The migration wave is resulted from the rural-urban disparities. Workers
leave places where incomes are low and job opportunities are scarce and
move to places where incomes are higher or jobs seem plentiful.
One may think that it would be needed to control the informal labor market
and prohibit companies to hire rural migrants without hukou, but the
"Enforcement of laws and regulations that aim to protect labor rights is
notoriously weak" (Litao, Zhao. "Labor Market Reforms under the Hu-Wen
Administration", pp. 467) since companies hire workers illegally for low
costs; and workers accept low wages, long work hours without contract,
insurance or social security; all of them covered by the lack of
supervision of the authorities.
Despite of the increasing social reforms the Government makes in the
countryside, the imbalance between rural and urban areas are a crucial
motive for rural migrants to accept poor labor conditions in big cities.
And this makes clear that the conditions in the rural areas are far from
expected.
The massive rural migration is one consequence of the economic development
process in the past years in China since the open-up policy and the rupture
with the life time job. If in one hand the rapid development brings huge
surpluses and economic growth for certain regions, in the other hand,
brings the chaos of the rural-urban migration.
The hukou system was one policy implemented by China to also control the
migration, but it fails to achieve this objective.

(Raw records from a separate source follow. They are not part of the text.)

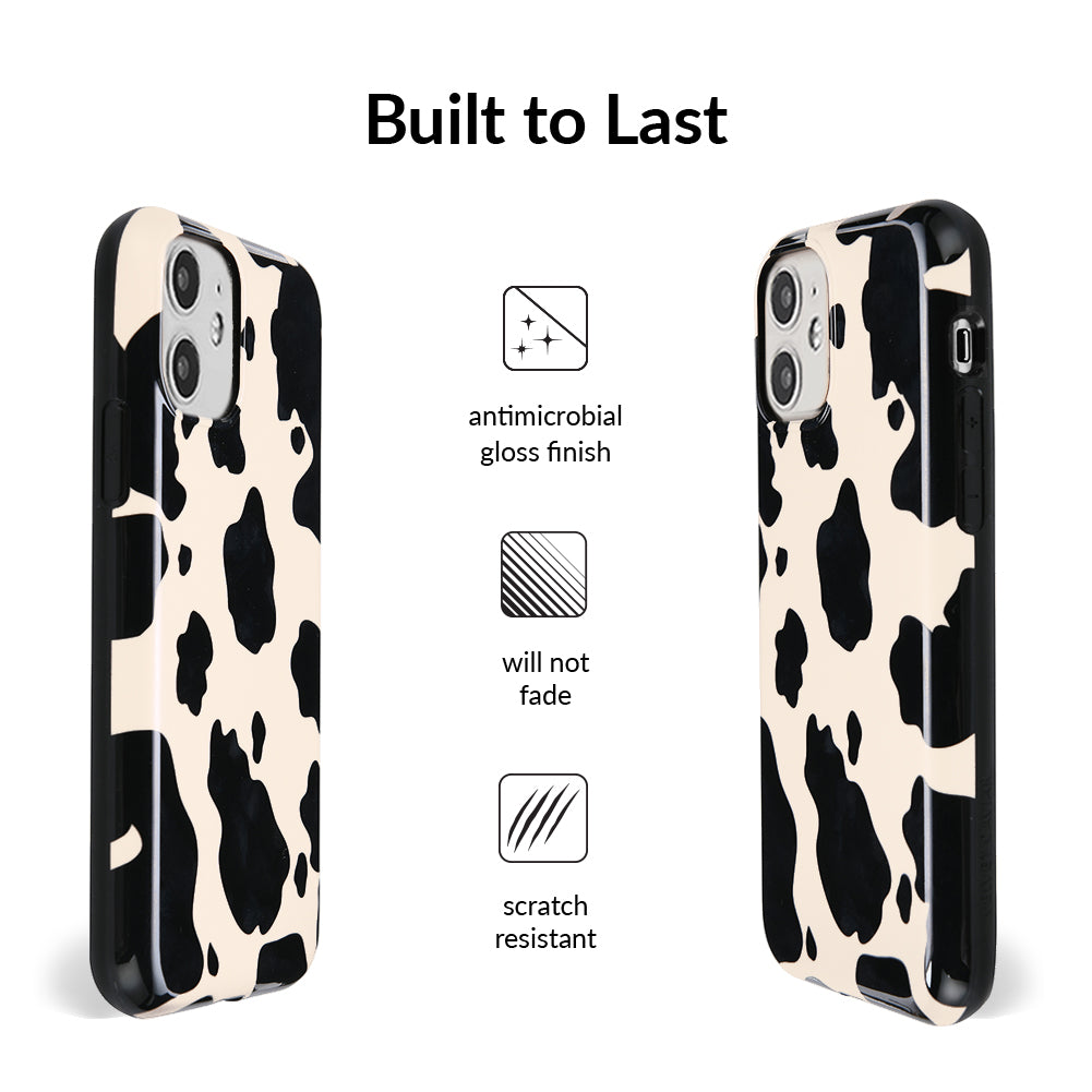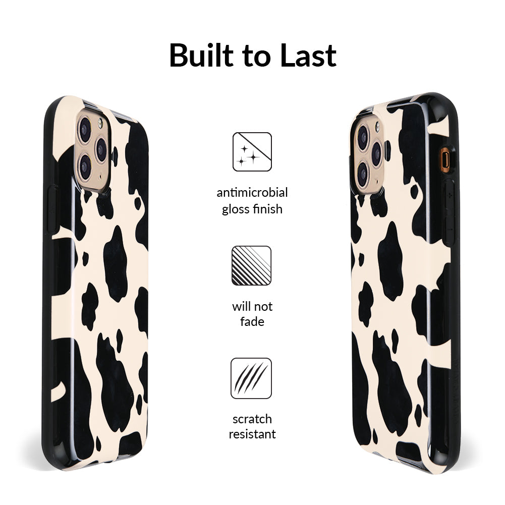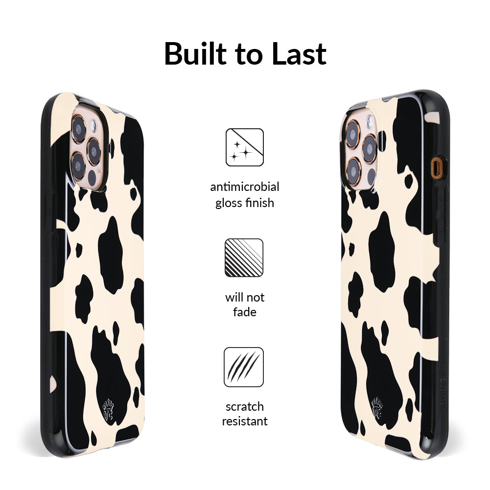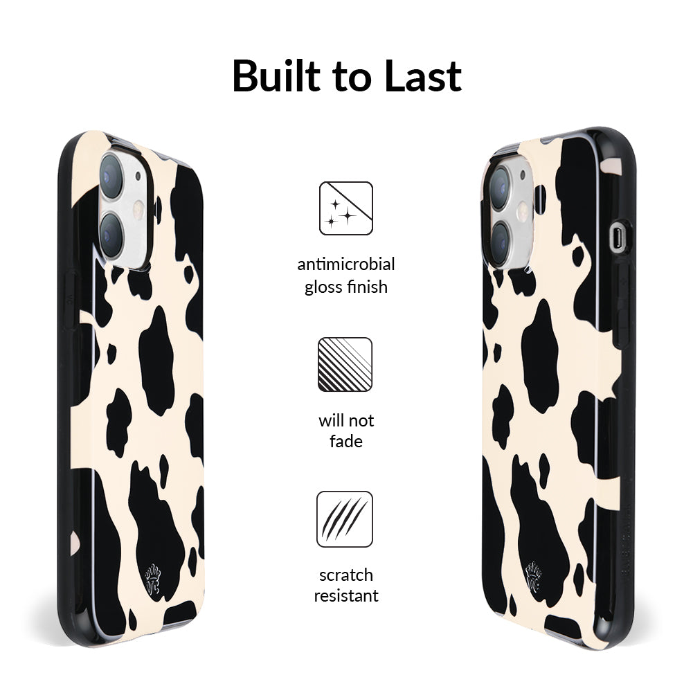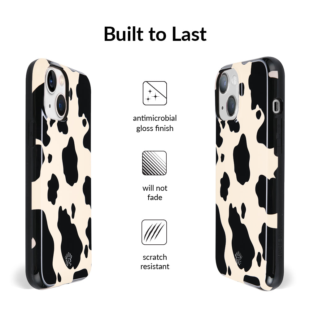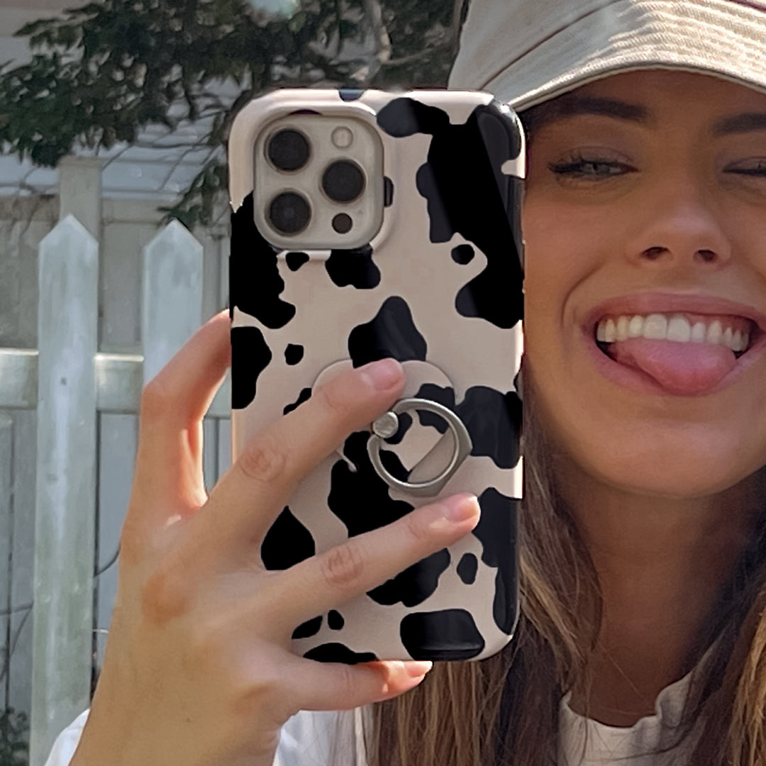 Inspired by our love for animal prints, this protective case features a matte beige base with gloss cow print spots. This style does not feature an interior velvet lining. Built in MagSafe ring is only available for select models. Available with matching grip rings and AirPod cases!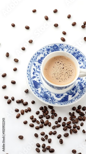 A cup of coffee and some coffee beans on the table, with a blue and white porcelain pattern and a dark brown bean spread around it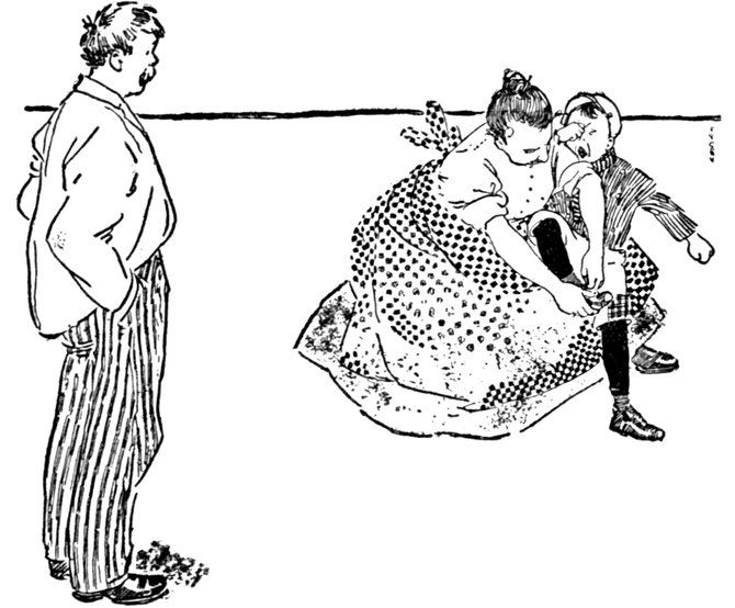 “Ye may say so!” interrupted Philip’s parent. “An’ whin it’s that way he is, it’s little good soft words’ll do, Miss. He gets it from his father. An’ me not able to cut the mate fer his father’s 23dinner! He’s a sly young one! It’s a good spankin’ he needs, Miss—an’ he’ll get it, too!”
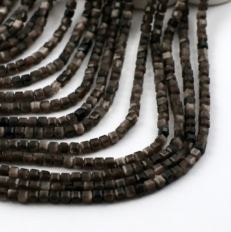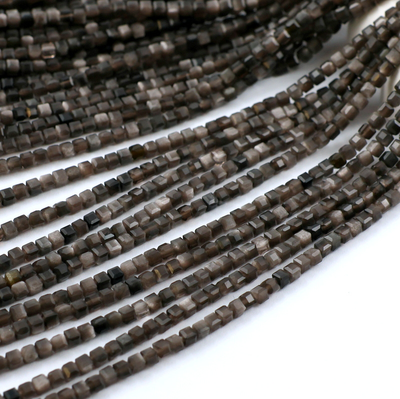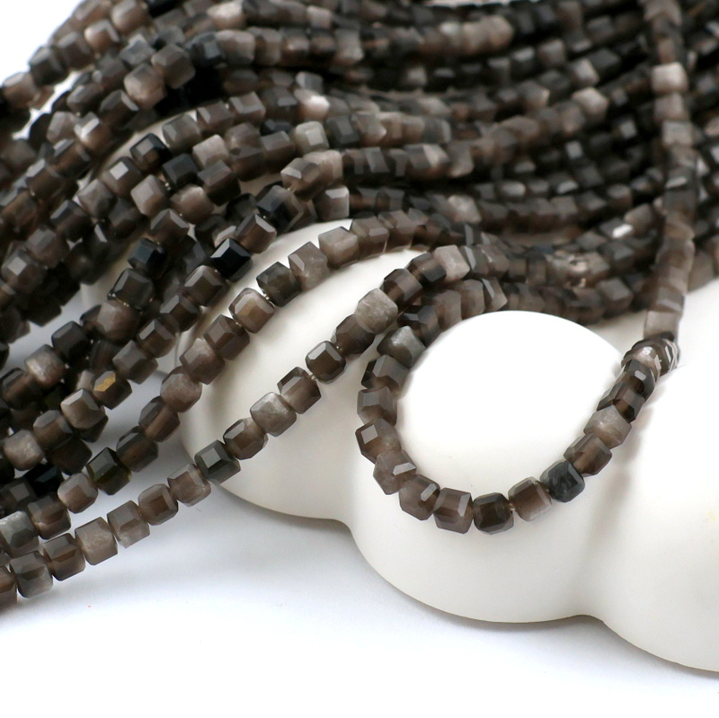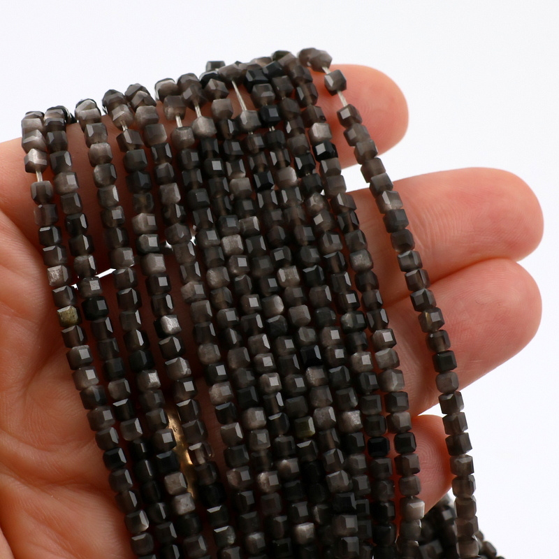 Obsydian srebrny kostka fasetowana 3,5mm [sznur 39cm]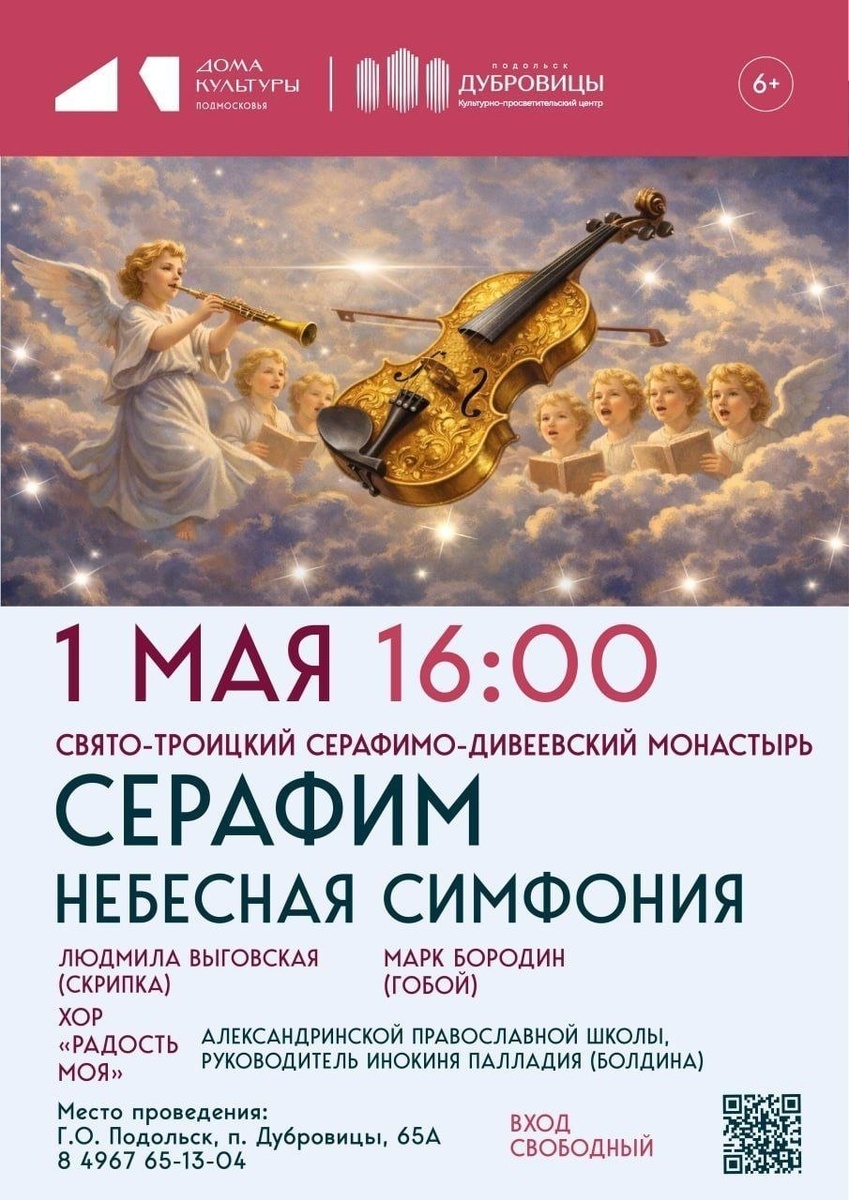 ✨ Концерт классической музыки «Серафим — Небесная симфония».э Хор «Радость моя» Александринской православной школы Свято-Троицкого Серафимо-Дивеевского монастыря вознесёт молитвы и песнопения. А величественный голос Концертного оркестра «Серафим» создаст грандиозный звуковой собор, объединяя все голоса в единое гармоническое целое. В ПРОГРАММЕ — шедевры классической музыки. ⏳ Продолжительность — 1 час 🚫 Возраст: 6+ 📆 01.05.2026 🕒 16:00 🏢 Культурно-просветительский центр "Дубровицы" 📍 г.о. Подольск, поселок Дубровицы, д. 65А 💰 Вход свободный❗️ ⭐Поддержать канал голосом 🍰Где поесть в Подольске ✅ Мероприятия Подольск https://dzen.ru/id/66ed500f7b5671493eca3fd6 https://vk.ru/podolsk_events http://dzen.ru/podolsk_events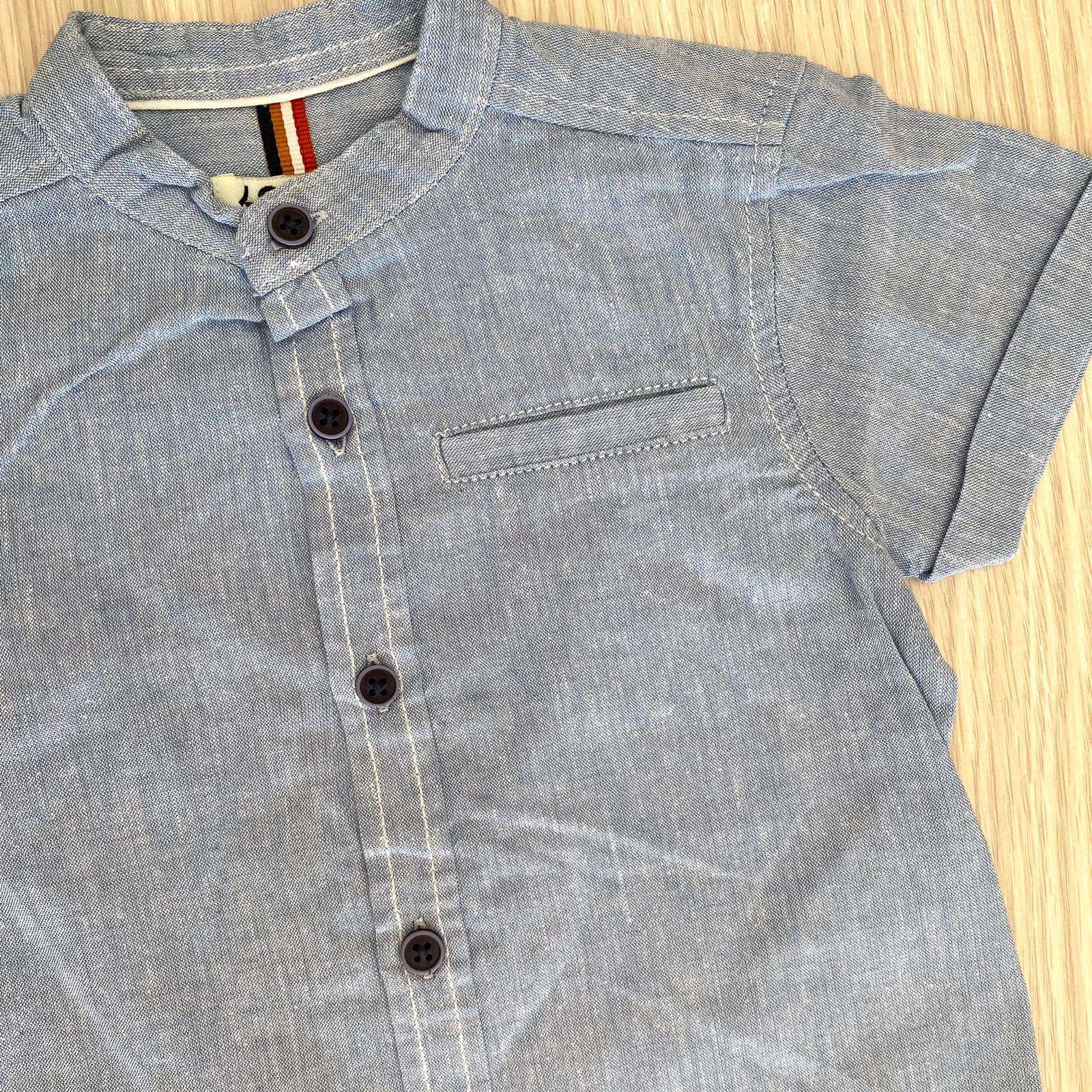 Camicia bambino in lino di cotone, di colore denim. Camicia con collo alla coreana. 70% Cotone. 30% Lino.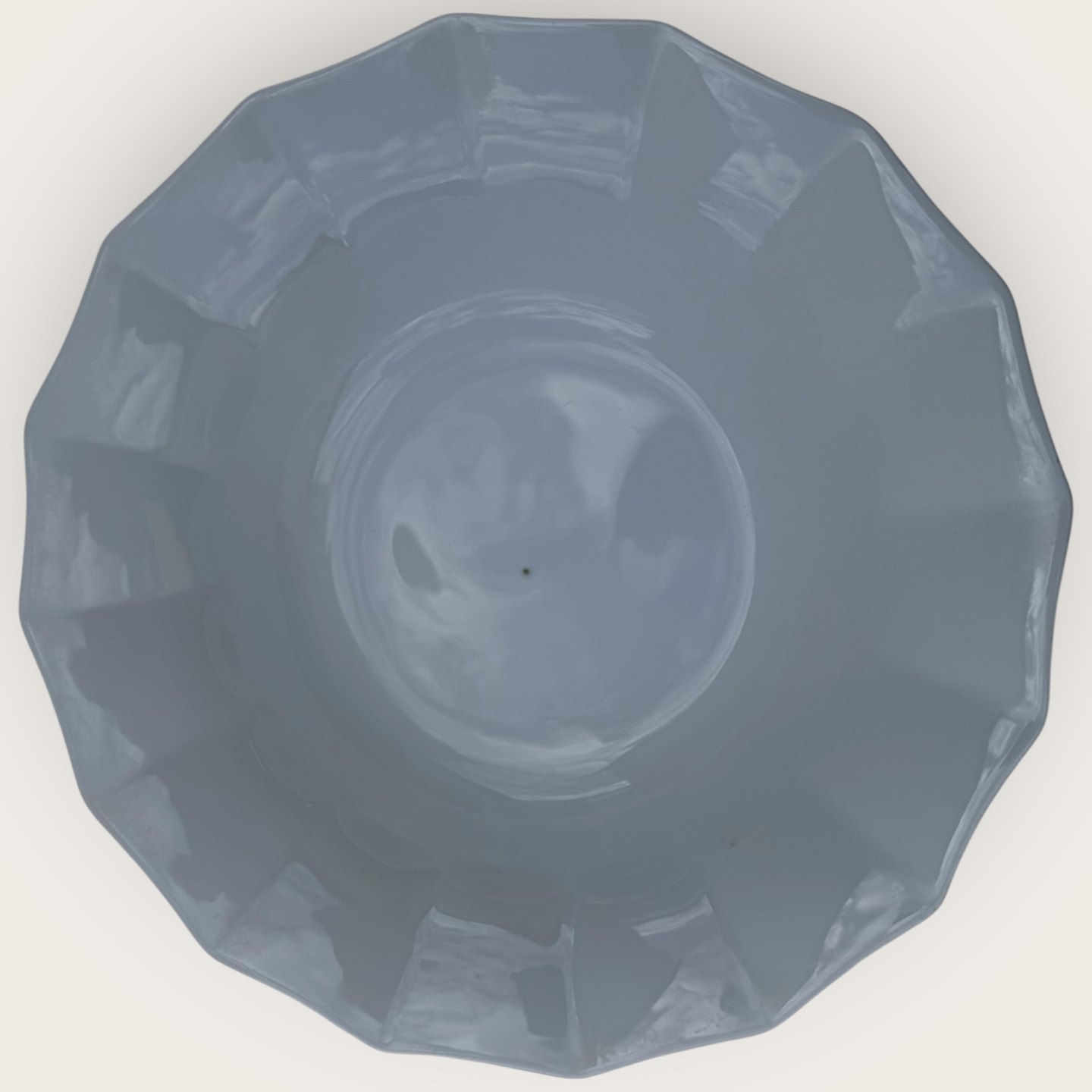 Royal Copenhagen, Hvidt kantet uden dekoration, Rund skål på fod #577, 23,5cm i diameter, højde 9cm, 3. sortering, En plet i bunden og lille fejl på foden(se foto).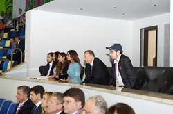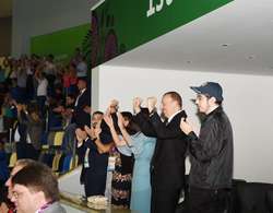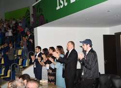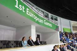 Президент Азербайджанской Республики Ильхам Алиев, его супруга, председатель Организационного комитета Европейских игр "Баку-2015" Мехрибан Алиева и члены их семьи наблюдали за соревнованиями.
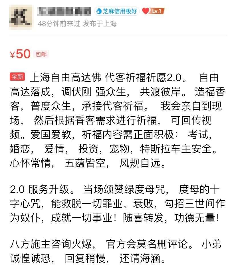 不过让人十分迷惑的是,除了五一假期吸引了大量高达迷纷纷前往现场打卡之外,某二手交易平台上还出现了“代客祈福”的神秘服务——仅需支付数十元,就有专人前往自由高达立像处进行祈福。

It does restrain rural
migrants to have resident permit but do not eliminate the mobility.
A solution to the rural-urban migration is to equilibrate the social
welfare and labor market in both rural and urban areas. It's true that this
process takes time to be fixed but it's more efficient to eliminate the
problem from its origins than to try to contour it from years to years.

References
Zhao, Litao (2006). "Labor market reforms under Hu-Wen Administration". In
Wong J. and Lai, H. (Eds.), China into the Hu-Wen Era (pp. 351-378).
Singapore: World scientific Press.

Bray, David. (2005). "Social Space and Governance in Urban China: The
Danwei System from Origin to Reform". 157-193.

Hsing, You-tien (Sep. 2006). "Land and territorial politics in Urban
China". China Quarterly (187), 575-591

Giles, John, Albert Park, and Fang Cai. "How Has economic restructuring
affected China's Urban Workers?" China Quarterly, no. 185 (2003): 61-95.